Content starts

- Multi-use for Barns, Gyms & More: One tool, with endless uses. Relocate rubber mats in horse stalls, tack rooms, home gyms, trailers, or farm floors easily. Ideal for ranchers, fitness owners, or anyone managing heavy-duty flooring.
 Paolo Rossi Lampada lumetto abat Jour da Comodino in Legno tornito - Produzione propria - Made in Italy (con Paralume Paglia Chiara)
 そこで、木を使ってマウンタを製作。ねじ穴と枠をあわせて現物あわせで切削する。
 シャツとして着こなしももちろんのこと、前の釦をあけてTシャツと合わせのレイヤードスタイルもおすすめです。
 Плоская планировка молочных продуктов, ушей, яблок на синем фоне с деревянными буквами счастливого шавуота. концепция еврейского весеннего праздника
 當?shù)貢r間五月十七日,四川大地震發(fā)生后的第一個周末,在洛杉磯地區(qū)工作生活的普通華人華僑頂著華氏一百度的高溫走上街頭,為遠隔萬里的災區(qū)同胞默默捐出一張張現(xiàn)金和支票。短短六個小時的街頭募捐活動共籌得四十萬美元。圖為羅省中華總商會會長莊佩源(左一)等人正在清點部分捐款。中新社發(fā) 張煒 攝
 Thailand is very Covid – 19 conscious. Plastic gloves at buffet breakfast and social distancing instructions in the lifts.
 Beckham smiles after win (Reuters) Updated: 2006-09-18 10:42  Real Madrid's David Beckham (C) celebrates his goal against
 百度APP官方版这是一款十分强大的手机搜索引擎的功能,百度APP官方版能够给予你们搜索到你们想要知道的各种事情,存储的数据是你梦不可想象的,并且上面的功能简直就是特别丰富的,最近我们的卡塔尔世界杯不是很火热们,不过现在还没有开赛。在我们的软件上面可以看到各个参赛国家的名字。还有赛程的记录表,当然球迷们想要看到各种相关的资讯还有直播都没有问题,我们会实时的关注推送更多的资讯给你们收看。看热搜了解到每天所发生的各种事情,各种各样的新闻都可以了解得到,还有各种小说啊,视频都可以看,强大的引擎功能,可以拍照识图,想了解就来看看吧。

Content ends

◆ **WHAT YOU WILL DO**
Repeat the data above exactly.

◆ **EXERCISE OUTPUT**
- Multi-use for Barns, Gyms & More: One tool, with endless uses. Relocate rubber mats in horse stalls, tack rooms, home gyms, trailers, or farm floors easily. Ideal for ranchers, fitness owners, or anyone managing heavy-duty flooring.
 Paolo Rossi Lampada lumetto abat Jour da Comodino in Legno tornito - Produzione propria - Made in Italy (con Paralume Paglia Chiara)
 そこで、木を使ってマウンタを製作。ねじ穴と枠をあわせて現物あわせで切削する。
 シャツとして着こなしももちろんのこと、前の釦をあけてTシャツと合わせのレイヤードスタイルもおすすめです。
 Плоская планировка молочных продуктов, ушей, яблок на синем фоне с деревянными буквами счастливого шавуота. концепция еврейского весеннего праздника
 當?shù)貢r間五月十七日,四川大地震發(fā)生后的第一個周末,在洛杉磯地區(qū)工作生活的普通華人華僑頂著華氏一百度的高溫走上街頭,為遠隔萬里的災區(qū)同胞默默捐出一張張現(xiàn)金和支票。短短六個小時的街頭募捐活動共籌得四十萬美元。圖為羅省中華總商會會長莊佩源(左一)等人正在清點部分捐款。中新社發(fā) 張煒 攝
 Thailand is very Covid – 19 conscious. Plastic gloves at buffet breakfast and social distancing instructions in the lifts.
 Beckham smiles after win (Reuters) Updated: 2006-09-18 10:42  Real Madrid's David Beckham (C) celebrates his goal against
 百度APP官方版这是一款十分强大的手机搜索引擎的功能,百度APP官方版能够给予你们搜索到你们想要知道的各种事情,存储的数据是你梦不可想象的,并且上面的功能简直就是特别丰富的,最近我们的卡塔尔世界杯不是很火热们,不过现在还没有开赛。在我们的软件上面可以看到各个参赛国家的名字。还有赛程的记录表,当然球迷们想要看到各种相关的资讯还有直播都没有问题,我们会实时的关注推送更多的资讯给你们收看。看热搜了解到每天所发生的各种事情,各种各样的新闻都可以了解得到,还有各种小说啊,视频都可以看,强大的引擎功能,可以拍照识图,想了解就来看看吧。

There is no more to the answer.